Let’s pretend the Internet is a nice place and people are inherently good to one another (please stop laughing). Would it be wrong to assume, then, that when someone puts some effort into making something, that thing won’t be ripped apart and disgraced by people with significant audiences and even more significant egos?
Unfortunately, the world isn’t perfect and nobody can create anything without having to endure the inflated opinions of others (this also includes my inflated opinion for those reading this who are ready to pounce).
The most recent “how dare you” moment came in the form of a new iOS concept video from digital marketing firm Simply Zesty.
The designers, Philip Joyce and Denes Farkas, took a decidedly more flat and “Windows Phone-esque” approach to their idea of what the next iOS could/should look like, which prompted the following responses from across the blogoscape and Twitterdome:
Mediocre designers love “flat design” because it takes minimal effort to execute. Rounded square + pick a color + use free icon = done.
— Mike Rundle (@flyosity) May 10, 2013
David Chartier also got in on the snark:
Here is an iOS concept video link
It’s shiny and that indie music really makes it pop.
Don’t worry about the massive usability challenges we didn’t realize exist, or the ones we simply decided to ignore.
Damn this video looks awesome.
John Gruber actually had a positive note to add at the end of his “why does this video exist?” article:
His animations and transitions do show how going “flatter” doesn’t necessarily mean eliminating playfulness, though.

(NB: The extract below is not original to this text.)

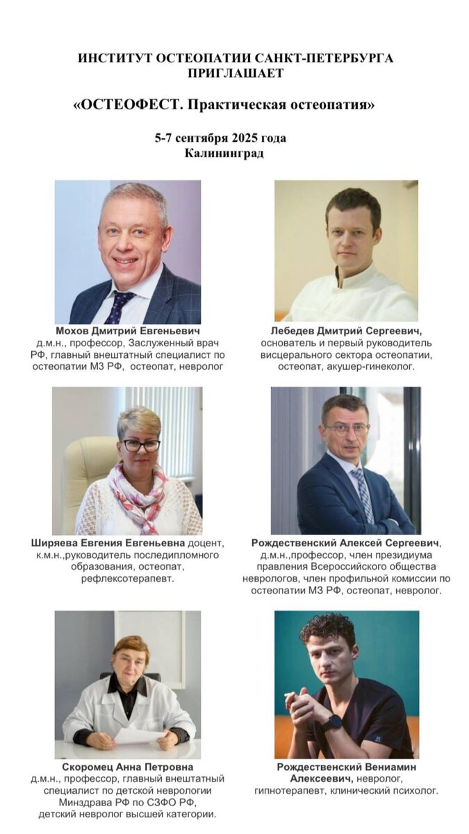 С 5 - 7 сентября 2025 г. прошла конференция "ОСТЕОФЕСТ. Практическая остеопатия" в г. Зеленоградск (Калининград) Преподаватели: д.м.н., профессор Мохов Дмитрий Евгеньевич, к.м.н., доцент Ширяева Евгения Евгеньевна, Лебедев Дмитрий Сергеевич, Рождественский Алексей Сергеевич, д.м.н., профессор Рождественский Вениамин Алексеевич, д.м.н., профессор Скоромец Анна Петровна https://dzen.ru/media/id/624638d1991c654e1bf74658/s-5-7-sentiabria-2025-g-68bed645ca98c15e38efa164 #остеопат #остеопатия #остеопатспб #остеопатлеоненко #остеофест #остеофест2025
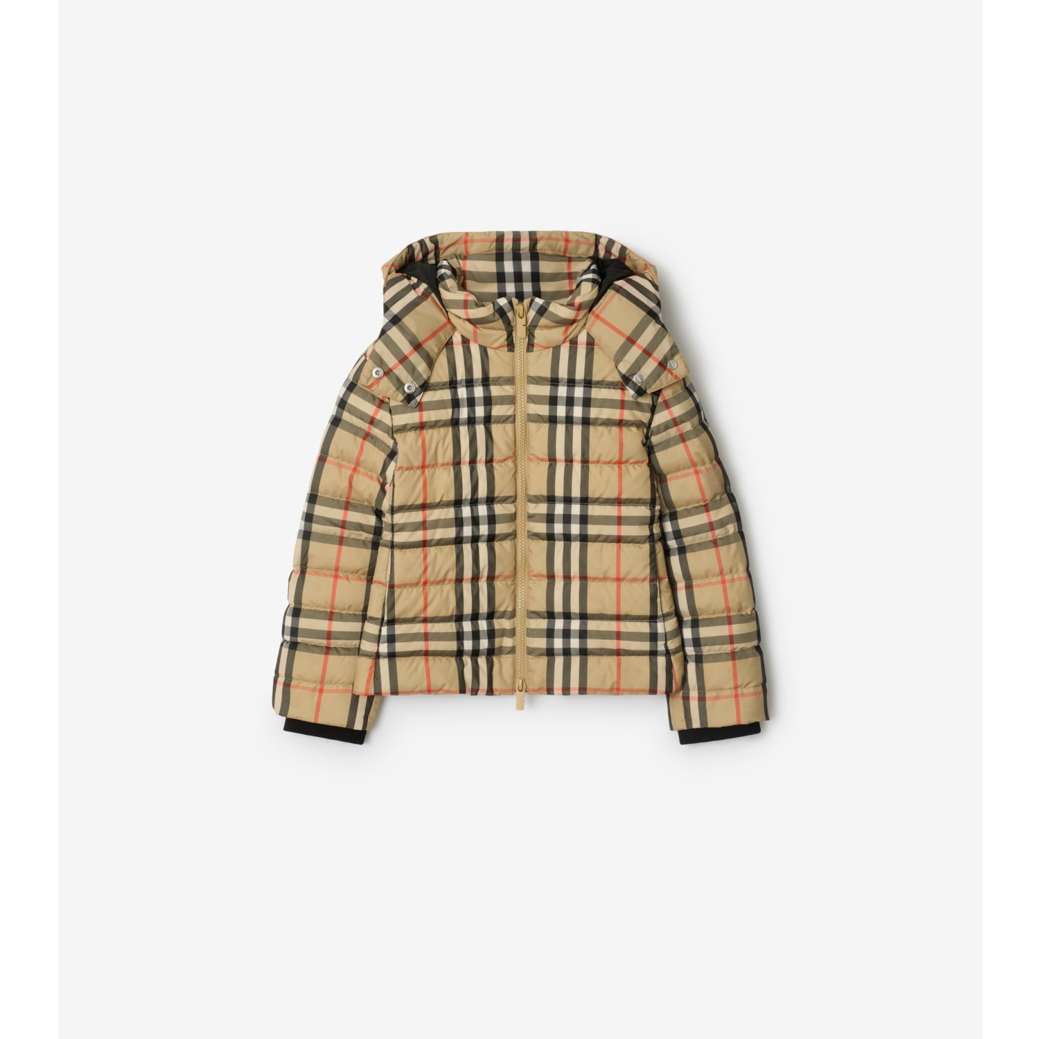 Check Hooded Puffer Jacket in Sand beige | Burberry® Official

But this statement from the previous paragraph illustrates Gruber’s (and many others’) lack of awareness to the real crux of the situation:
And certain of Joyce’s details are oddly tone-deaf branding-wise. The shape of app icons is not going to change from round-cornered squares to sharp-cornered ones (or any other shape for that matter). Apple owns this shape; this shape says “iOS app” in everyone’s mind.
So what? Why does it matter if a 3rd party concept takes liberties that won’t end up in the final product? Last I checked, none of the people who make these videos work at Apple. These aren’t final renders, they’re “what-ifs”, and while many elements may not be well thought-out (slide-to-unlock at the top?), there’s always something to glean from a new design.
…Unless you use social media, or you have a blog, or you’re a designer. Then the world is black-and-white and every decision must follow the rule of Highlanderism: There can be only one.
Every criticism I’ve read has mistaken the critic’s personal preference for what constitutes “good” design as it relates to Apple. Worse yet, each person who’s shat upon Joyce’s and Farkas’s work has missed the big picture: It was never about Apple.
I’m sorry to be the one to burst all the artisanal ego bubbles out there, but these concept videos aren’t targeted at critics on social media – they’re targeted at potential clients and employers:
Jan-Micheal Cart has made quite a name for himself designing impressive new concepts for the iOS operating system, such as the dynamic icons concept you see above, and an awesome system for implementing widgets which we covered back in May.
However, it seems it’s not just iOS users who have been impressed with Cart’s work. The Apple camp in Cupertino has also picked up on it, and they’ve hired him as an intern.
These designs, regardless of how realistic they may be when compared with Apple’s design guidelines, are less about expectations and more about building résumés. To waste pixels and time deconstructing how un-Apple like they are misses the point entirely.
Simply Zesty is a digital marketing firm and among the services it offers are:
How many new apps get released that feature fun demo videos with computer recreations of their interfaces set to vibrant music? How many of those developers could benefit from the services offered by Simply Zesty? And how many potential clients might not have heard of Simply Zesty before its video went viral?
Also, don’t forget about film and television studios that need futuristic interfaces built for the latest sci-fi epic or Avengers sequel. The possibilities may not be endless in the realm of contemporary software design, but they are in La La Land. And as we’ve learned from Star Trek, science fiction has a tendency to turn into science fact over time.
Whether you think a concept design fits the device or not, there is always something to be learned from it. No designer is perfect and no design is perfect. Everything is subjective and what one person finds unintuitive, someone else may find more user friendly than anything else out there. There is no “one size fits all”.
For example, the widgets Joyce and Farkas built into Notification Center clutter the interface and feature tap targets that are too small (so, no different than the tap targets we currently have), but if Apple was going to incorporate more functionality into Notification Center in iOS 7, I’d like to think it would be something similar. A small calendar view, shortcuts for Bluetooth and Wi-Fi, and more music playback controls would work really well in Notification Center and perhaps give me more of a reason to use it.
Of course, what do I know? I’m not a designer. I’m just an average user who thinks in shades of gray.
We won’t know what iOS 7 will look like until June. Until then, enjoy these mock-ups and concept videos for what they are: job applications.